[Stored records]
○ ○ ○ ○ ○ ○ ○
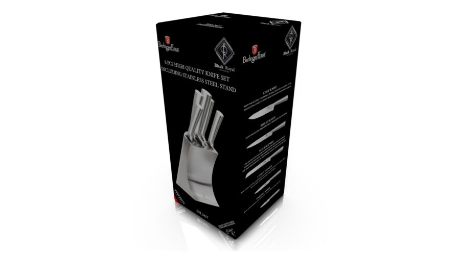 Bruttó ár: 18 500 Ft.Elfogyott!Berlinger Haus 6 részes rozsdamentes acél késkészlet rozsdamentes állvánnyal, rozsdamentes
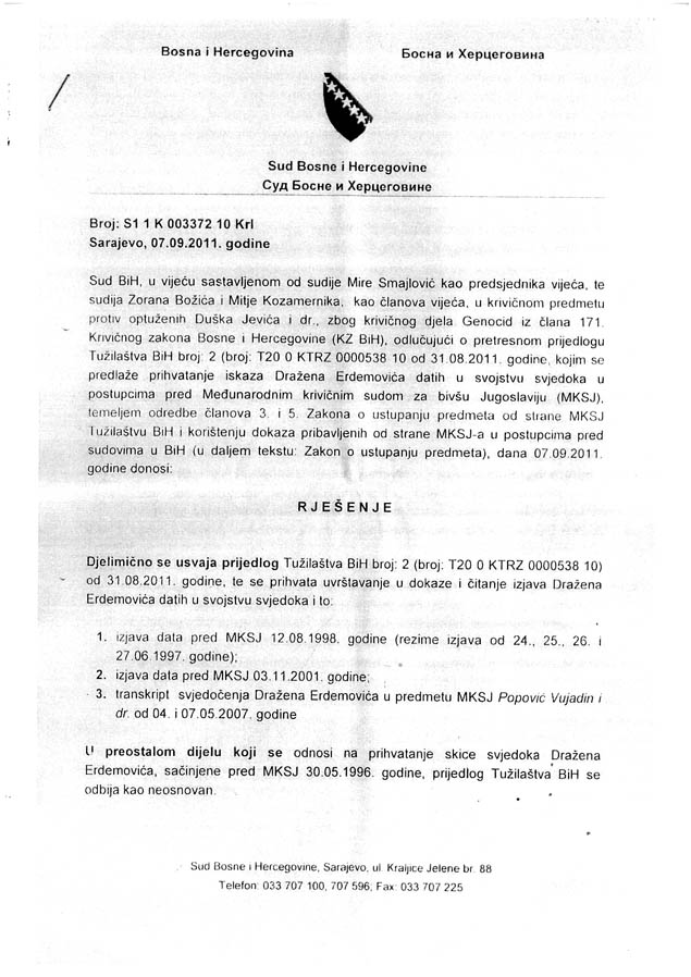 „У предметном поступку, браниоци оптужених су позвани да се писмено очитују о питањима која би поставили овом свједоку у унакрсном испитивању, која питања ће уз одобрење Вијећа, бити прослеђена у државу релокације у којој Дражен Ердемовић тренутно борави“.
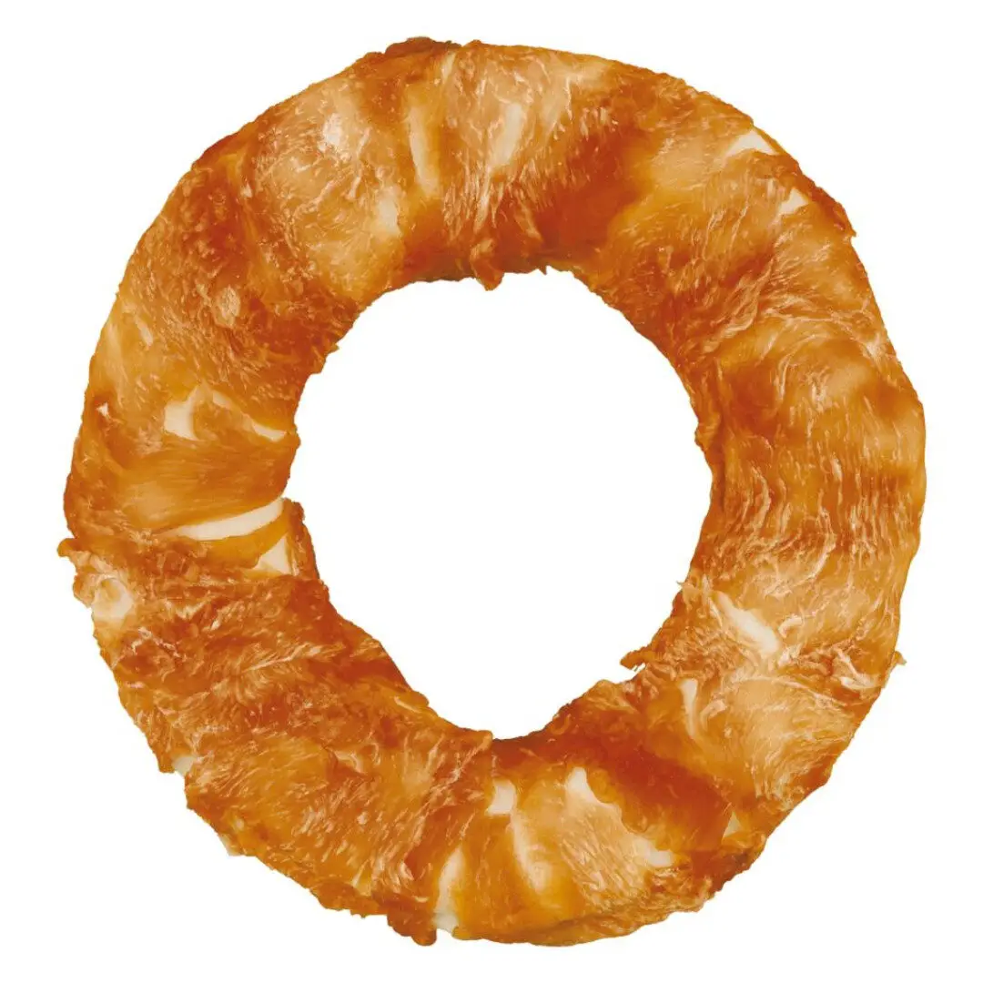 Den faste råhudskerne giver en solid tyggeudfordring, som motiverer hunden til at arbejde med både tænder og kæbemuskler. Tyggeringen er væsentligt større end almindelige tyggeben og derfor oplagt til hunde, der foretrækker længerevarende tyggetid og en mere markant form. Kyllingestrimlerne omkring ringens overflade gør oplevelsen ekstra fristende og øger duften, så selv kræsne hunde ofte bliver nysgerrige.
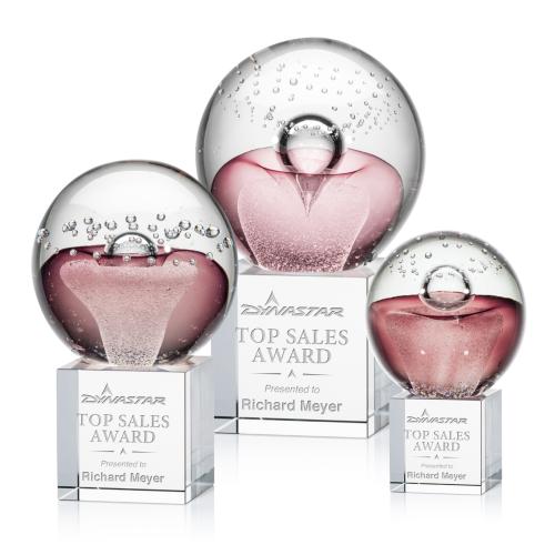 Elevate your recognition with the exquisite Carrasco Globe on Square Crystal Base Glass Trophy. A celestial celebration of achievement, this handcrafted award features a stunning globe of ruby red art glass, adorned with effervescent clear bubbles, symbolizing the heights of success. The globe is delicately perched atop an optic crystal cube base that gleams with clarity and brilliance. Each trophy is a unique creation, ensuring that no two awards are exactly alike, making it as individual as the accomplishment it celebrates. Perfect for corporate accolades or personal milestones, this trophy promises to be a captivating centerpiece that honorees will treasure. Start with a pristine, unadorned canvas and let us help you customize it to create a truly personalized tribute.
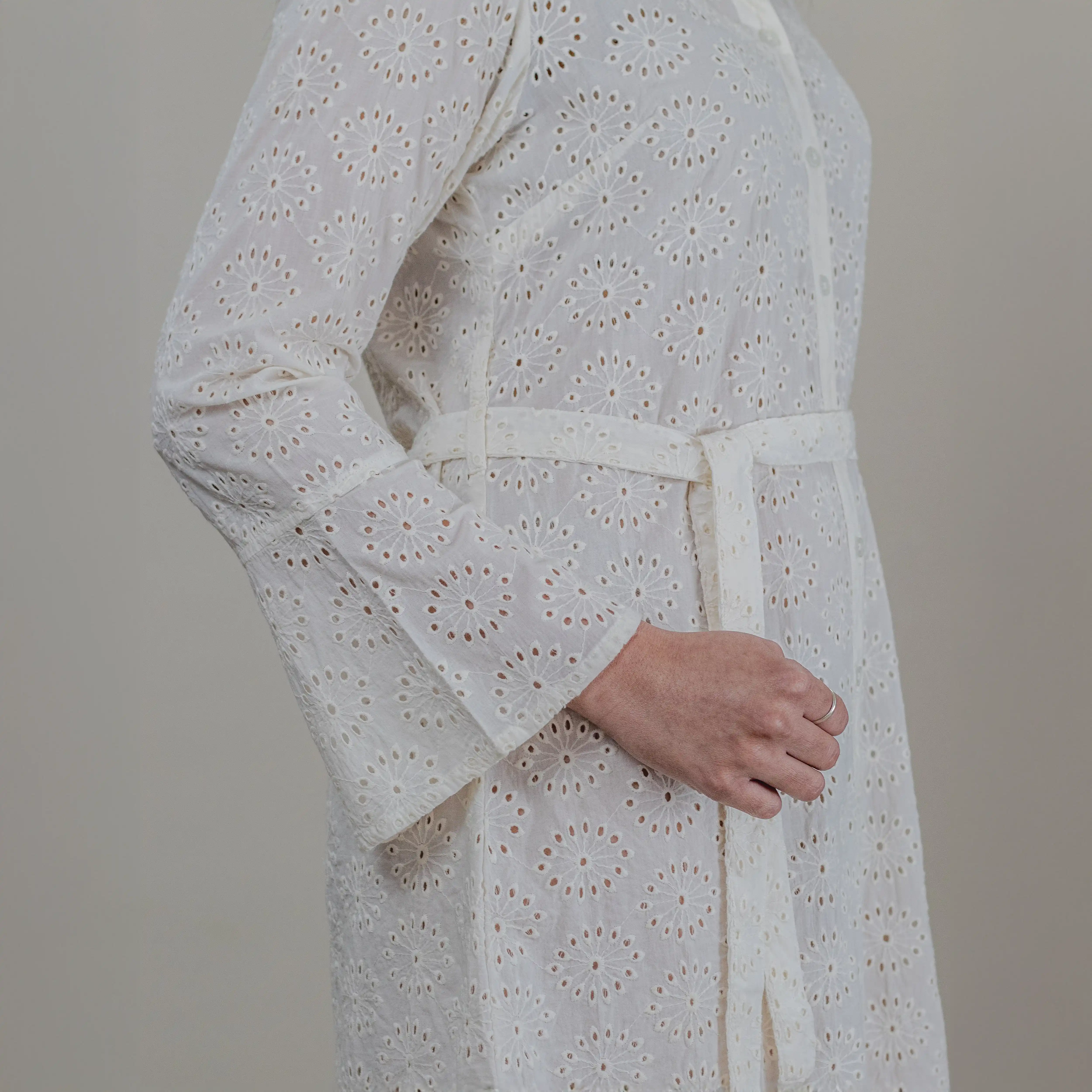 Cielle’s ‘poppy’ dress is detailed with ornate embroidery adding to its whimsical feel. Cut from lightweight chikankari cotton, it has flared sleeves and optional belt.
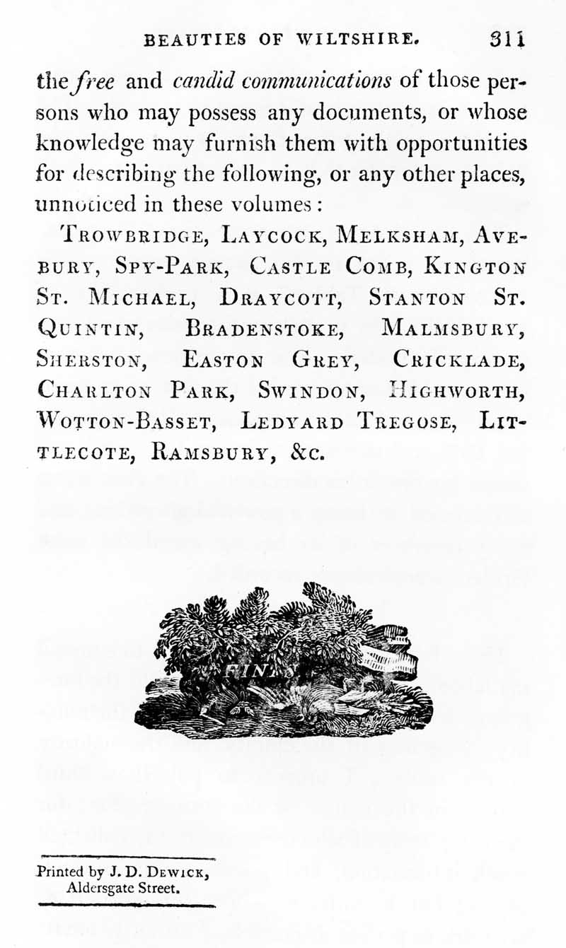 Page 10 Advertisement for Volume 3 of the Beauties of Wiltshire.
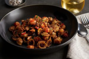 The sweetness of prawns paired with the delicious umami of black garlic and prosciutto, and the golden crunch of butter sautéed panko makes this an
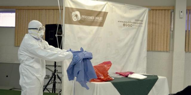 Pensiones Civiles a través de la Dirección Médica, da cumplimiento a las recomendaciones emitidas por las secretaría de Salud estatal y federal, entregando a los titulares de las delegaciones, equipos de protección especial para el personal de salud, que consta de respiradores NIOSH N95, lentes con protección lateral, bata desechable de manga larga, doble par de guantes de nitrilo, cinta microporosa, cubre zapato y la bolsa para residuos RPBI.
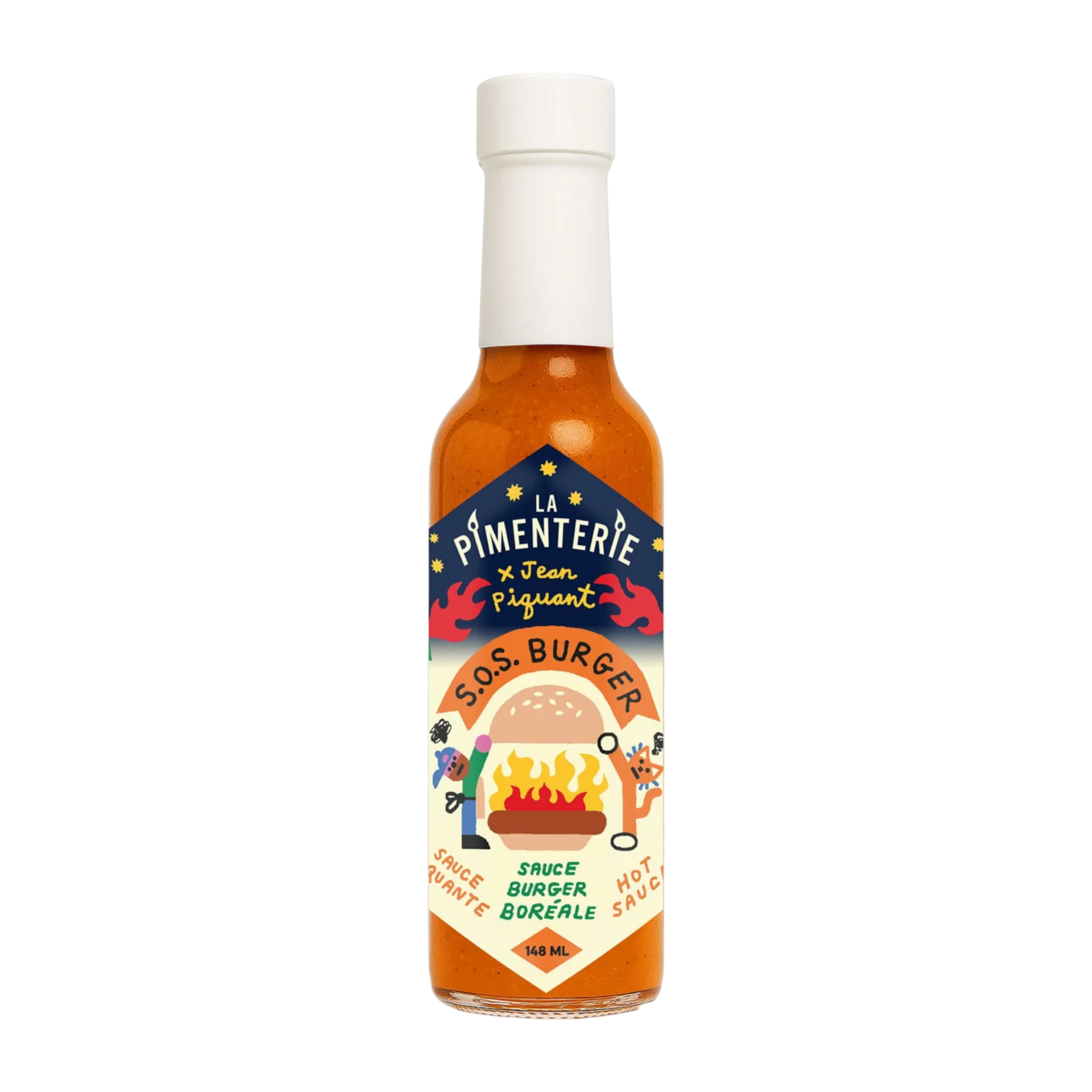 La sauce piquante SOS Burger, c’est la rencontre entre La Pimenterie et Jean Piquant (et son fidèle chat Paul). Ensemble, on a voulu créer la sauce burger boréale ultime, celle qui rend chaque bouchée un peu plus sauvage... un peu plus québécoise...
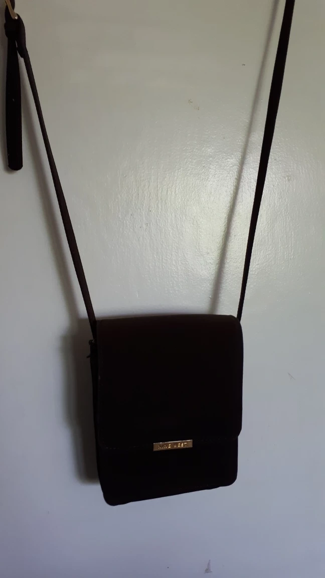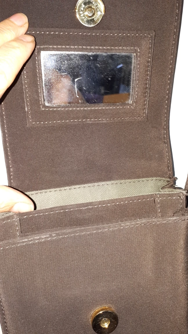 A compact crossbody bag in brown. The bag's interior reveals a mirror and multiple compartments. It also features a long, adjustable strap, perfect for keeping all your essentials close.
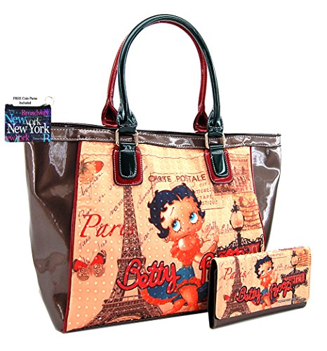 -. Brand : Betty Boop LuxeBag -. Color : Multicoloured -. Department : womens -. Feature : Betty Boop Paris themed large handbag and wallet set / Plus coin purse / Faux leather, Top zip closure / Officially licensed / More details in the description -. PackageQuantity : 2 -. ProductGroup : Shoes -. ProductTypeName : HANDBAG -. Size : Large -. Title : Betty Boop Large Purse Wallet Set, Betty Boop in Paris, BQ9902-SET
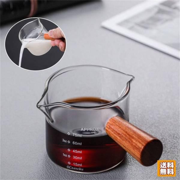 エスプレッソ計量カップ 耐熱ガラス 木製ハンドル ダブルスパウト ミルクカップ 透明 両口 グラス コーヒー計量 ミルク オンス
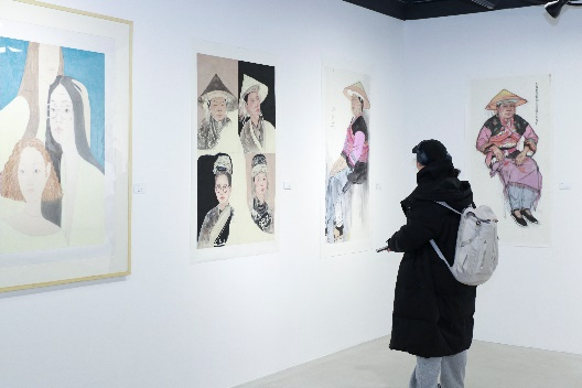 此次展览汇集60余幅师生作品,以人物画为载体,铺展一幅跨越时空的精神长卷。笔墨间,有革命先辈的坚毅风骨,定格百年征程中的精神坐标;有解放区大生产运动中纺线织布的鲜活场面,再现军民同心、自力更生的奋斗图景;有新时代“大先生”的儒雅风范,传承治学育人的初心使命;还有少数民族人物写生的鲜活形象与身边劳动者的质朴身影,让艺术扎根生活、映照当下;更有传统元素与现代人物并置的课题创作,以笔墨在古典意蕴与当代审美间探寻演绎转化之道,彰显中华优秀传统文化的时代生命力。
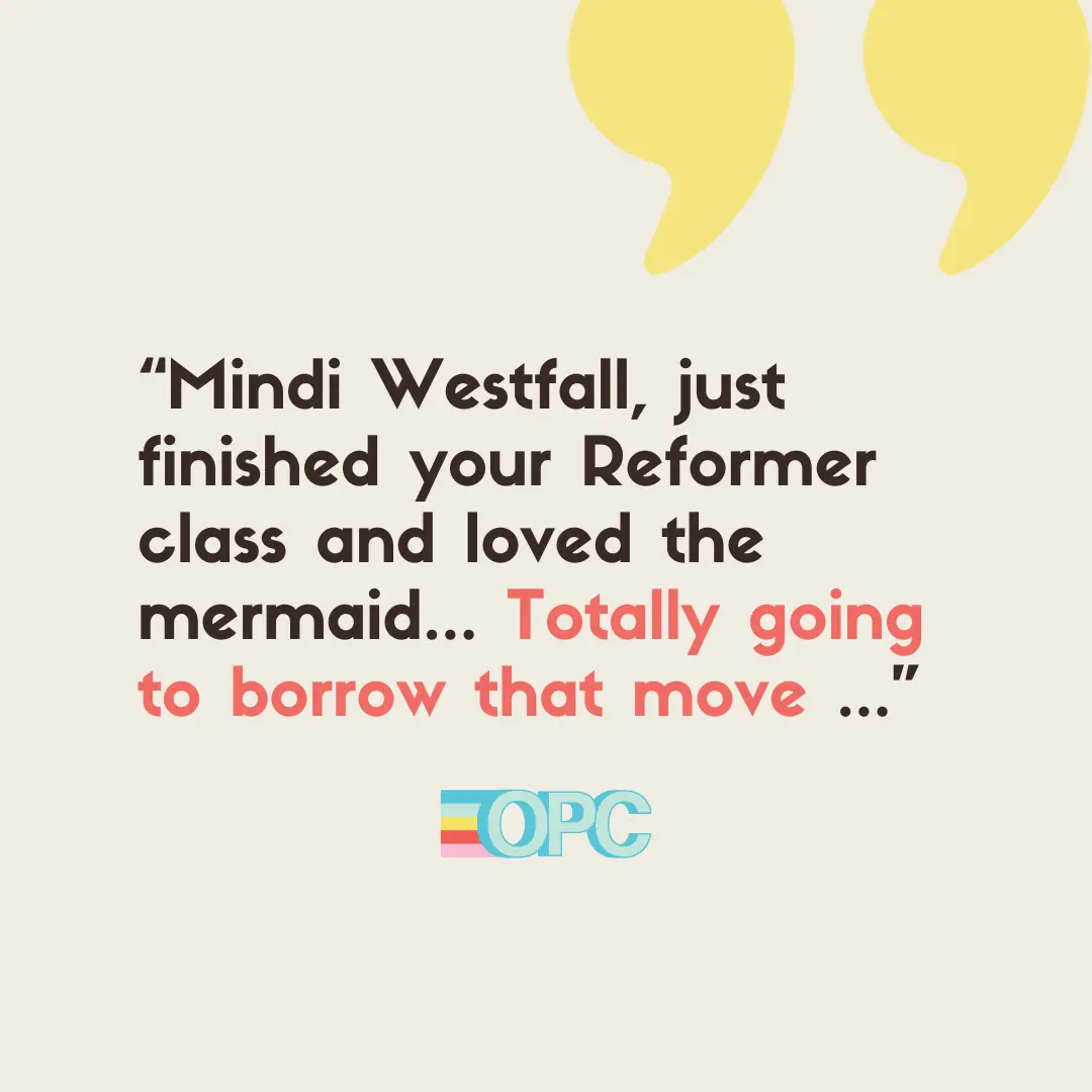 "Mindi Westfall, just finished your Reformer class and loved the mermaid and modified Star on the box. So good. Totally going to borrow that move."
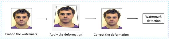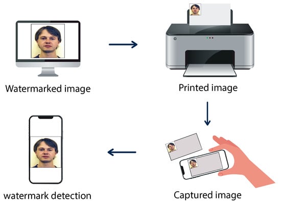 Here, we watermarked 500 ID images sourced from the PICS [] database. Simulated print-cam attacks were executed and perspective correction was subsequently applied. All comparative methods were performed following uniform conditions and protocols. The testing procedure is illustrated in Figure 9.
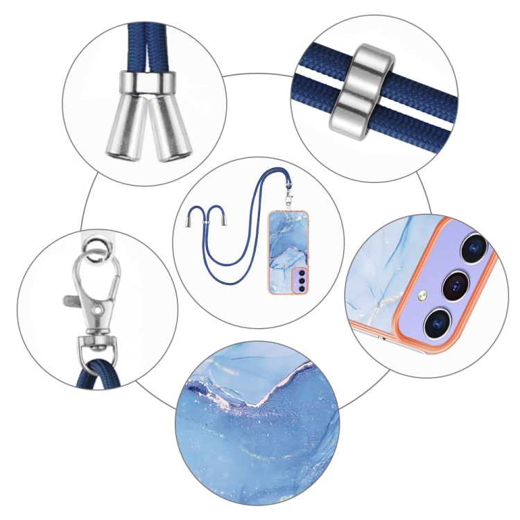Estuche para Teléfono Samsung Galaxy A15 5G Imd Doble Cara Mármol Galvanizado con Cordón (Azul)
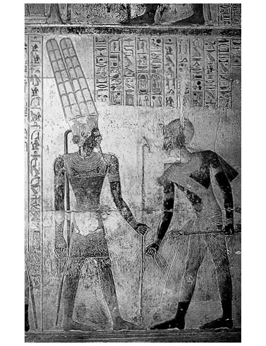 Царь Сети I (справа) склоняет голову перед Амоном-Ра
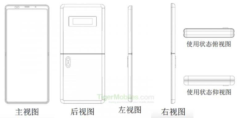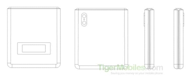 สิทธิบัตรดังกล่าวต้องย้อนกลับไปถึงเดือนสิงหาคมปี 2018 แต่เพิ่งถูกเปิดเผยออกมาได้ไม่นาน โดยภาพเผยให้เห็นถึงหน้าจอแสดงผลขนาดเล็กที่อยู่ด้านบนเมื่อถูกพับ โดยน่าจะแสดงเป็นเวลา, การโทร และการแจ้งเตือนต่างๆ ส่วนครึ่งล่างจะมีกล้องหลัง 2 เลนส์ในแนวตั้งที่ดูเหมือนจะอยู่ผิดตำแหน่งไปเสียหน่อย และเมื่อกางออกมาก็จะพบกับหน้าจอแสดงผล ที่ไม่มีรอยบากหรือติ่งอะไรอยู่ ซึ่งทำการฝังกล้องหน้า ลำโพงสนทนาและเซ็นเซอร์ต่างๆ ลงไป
○ ○ ○ ○ ○ ○ ○
» **Work task**
If a picture sits between the line containing "Page 10 Advertisement" and the line containing "Westfall, just finished", leave it out, and return the lines of that range above exactly, both ends included.

» **Output below**
 Page 10 Advertisement for Volume 3 of the Beauties of Wiltshire.
 The sweetness of prawns paired with the delicious umami of black garlic and prosciutto, and the golden crunch of butter sautéed panko makes this an
 Pensiones Civiles a través de la Dirección Médica, da cumplimiento a las recomendaciones emitidas por las secretaría de Salud estatal y federal, entregando a los titulares de las delegaciones, equipos de protección especial para el personal de salud, que consta de respiradores NIOSH N95, lentes con protección lateral, bata desechable de manga larga, doble par de guantes de nitrilo, cinta microporosa, cubre zapato y la bolsa para residuos RPBI.
 La sauce piquante SOS Burger, c’est la rencontre entre La Pimenterie et Jean Piquant (et son fidèle chat Paul). Ensemble, on a voulu créer la sauce burger boréale ultime, celle qui rend chaque bouchée un peu plus sauvage... un peu plus québécoise...
 A compact crossbody bag in brown. The bag's interior reveals a mirror and multiple compartments. It also features a long, adjustable strap, perfect for keeping all your essentials close.
 -. Brand : Betty Boop LuxeBag -. Color : Multicoloured -. Department : womens -. Feature : Betty Boop Paris themed large handbag and wallet set / Plus coin purse / Faux leather, Top zip closure / Officially licensed / More details in the description -. PackageQuantity : 2 -. ProductGroup : Shoes -. ProductTypeName : HANDBAG -. Size : Large -. Title : Betty Boop Large Purse Wallet Set, Betty Boop in Paris, BQ9902-SET
 エスプレッソ計量カップ 耐熱ガラス 木製ハンドル ダブルスパウト ミルクカップ 透明 両口 グラス コーヒー計量 ミルク オンス
 此次展览汇集60余幅师生作品,以人物画为载体,铺展一幅跨越时空的精神长卷。笔墨间,有革命先辈的坚毅风骨,定格百年征程中的精神坐标;有解放区大生产运动中纺线织布的鲜活场面,再现军民同心、自力更生的奋斗图景;有新时代“大先生”的儒雅风范,传承治学育人的初心使命;还有少数民族人物写生的鲜活形象与身边劳动者的质朴身影,让艺术扎根生活、映照当下;更有传统元素与现代人物并置的课题创作,以笔墨在古典意蕴与当代审美间探寻演绎转化之道,彰显中华优秀传统文化的时代生命力。
 "Mindi Westfall, just finished your Reformer class and loved the mermaid and modified Star on the box. So good. Totally going to borrow that move."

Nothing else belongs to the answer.